Boosting CAF UN Peace Operations: Proceed with caution



BY DAVID MCDONOUGH, CDA Institute,


David McDonough, CDA Institute Research Manager and Senior Editor, recently published an article in The Embassycommenting on the government’s promise to renew Canada’s role in UN peace operations. 

The new Trudeau government has shown an interest in renewing Canada’s commitment to United Nations peace operations. The ministerial mandate letter given to Defence Minister Harjit Sajjan and Foreign Minister Stéphane Dion spelled out this promise quite clearly, even if neither went into much detail on how this commitment will be realized.

A key problem is the commitment’s lack of context. By itself, it is hard to argue that renewing Canada’s role in UN peace operations is a bad thing. But such policy options cannot be judged in a vacuum. They must be placed within a context that recognizes the national interest, competing policy priorities and limited resources available to achieve such priorities, as well as the inevitable trade-​offs that come with such a means-​ends chain. Such a commitment should more properly be assessed as part of the government’s recently announced defence policy review.

The three pillars of priorities

It’s useful to return to the key priorities outlined in the last defence white paper: defence of Canada, continental defence, and international security. In some respects, these three reflect a rising degree of discretion for Canadian decision-​makers: no discretion when it comes to Canada, very little for North America, and greater discretion in how we approach expeditionary operations abroad.
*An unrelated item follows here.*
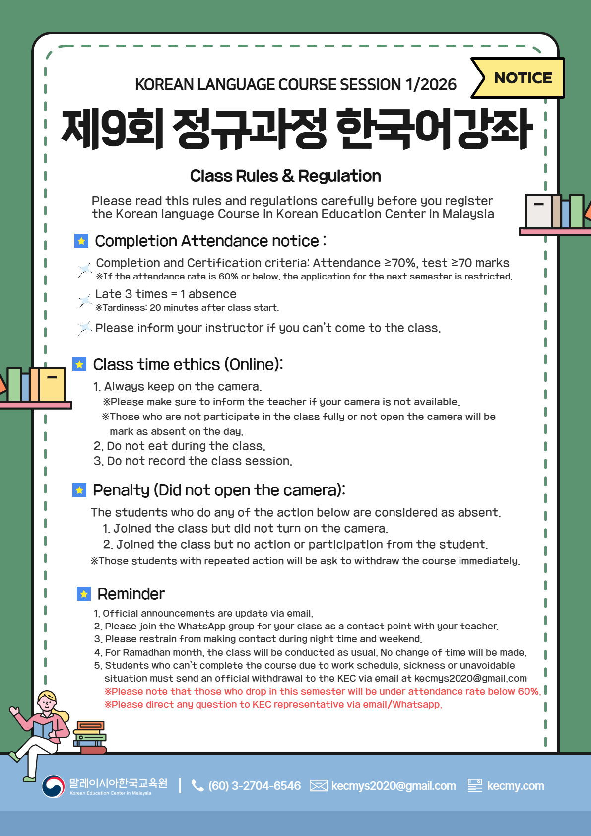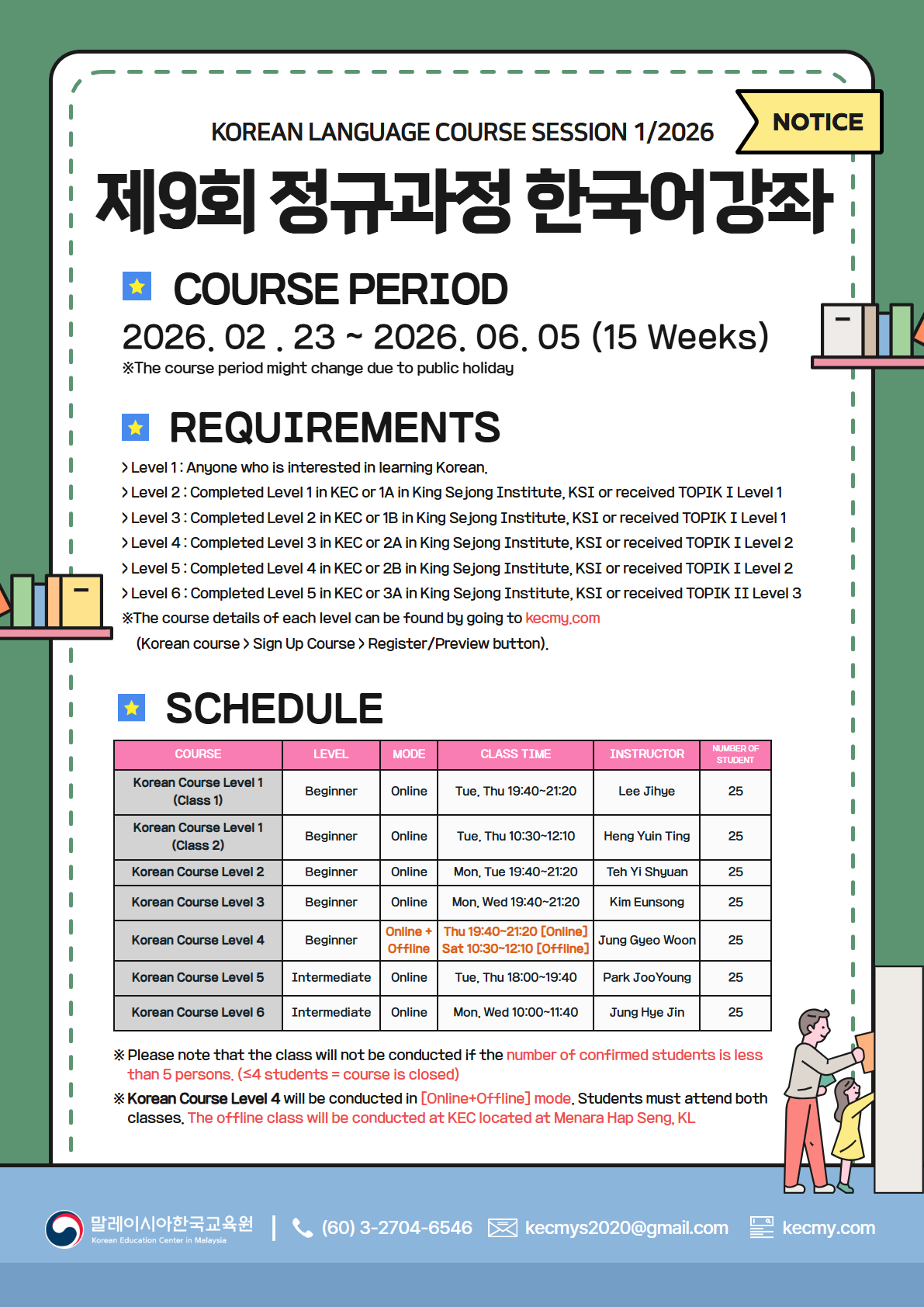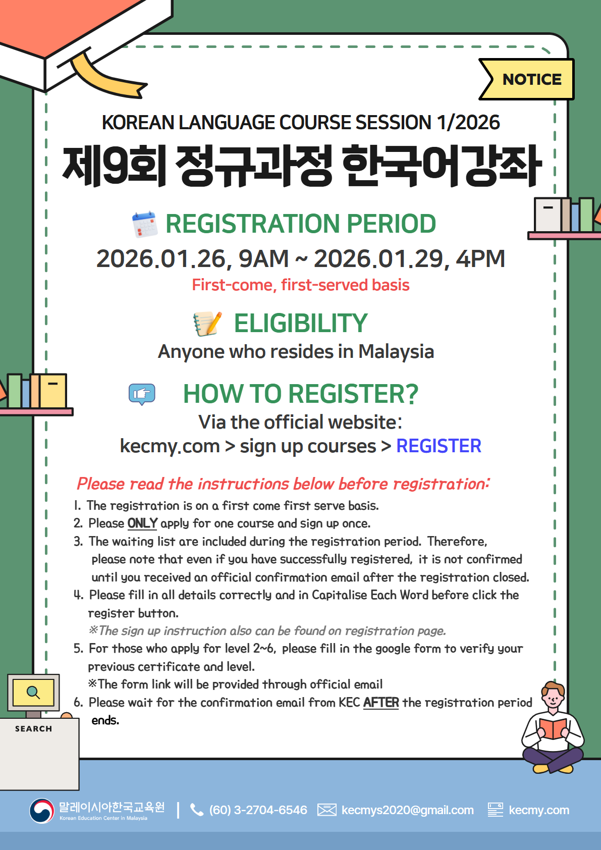 The Korean Education Center in Malaysia would like to inform you that the Regular Korean Language Course Session 1/2026 will open for registration soon.

Clearly, UN commitments relate to international peace and security. Canadian decision-​makers need to ensure that their non-​discretionary priorities are achieved first—such as monitoring our coastal waters, aerospace surveillance and defence of North America, search and rescue, and protection of our Arctic sovereignty and resources—before opting for more discretionary missions abroad like UN peace operations.

Yet not all missions in the third pillar are created equal or are equally discretionary. Canada also has the option of working primarily with key allies in pursuit of international security, including the United States, key European countries in NATO, as well as Australia, New Zealand, and Japan, among others. In so doing, Canada can better align its military role abroad with its interest in maintaining and strengthening relations with such countries.

The same cannot readily be said about UN operations, which might help burnish Canada’s reputation with the world body but where the national interest is hard to identify—a fact that will undoubtedly cause problems if and when a UN mission results in casualties.

A different, more dangerous, era

Such a possibility should not be discounted. Today’s UN missions are distinct from the past. Current missions retain the size and complexity of post-​Cold War operations, but now Blue Helmets can quickly become a participant in the conflict, such as when an “intervention brigade” was mandated to neutralize armed groups in the Democratic Republic of Congo.

We need to understand and appreciate that the game has changed. Future so-​called peace operations, including those established by the UN, will likely require robust military capabilities and entail possibly more dangerous operations, especially if more UN peacekeepers begin to fully apply their more proactive mandates.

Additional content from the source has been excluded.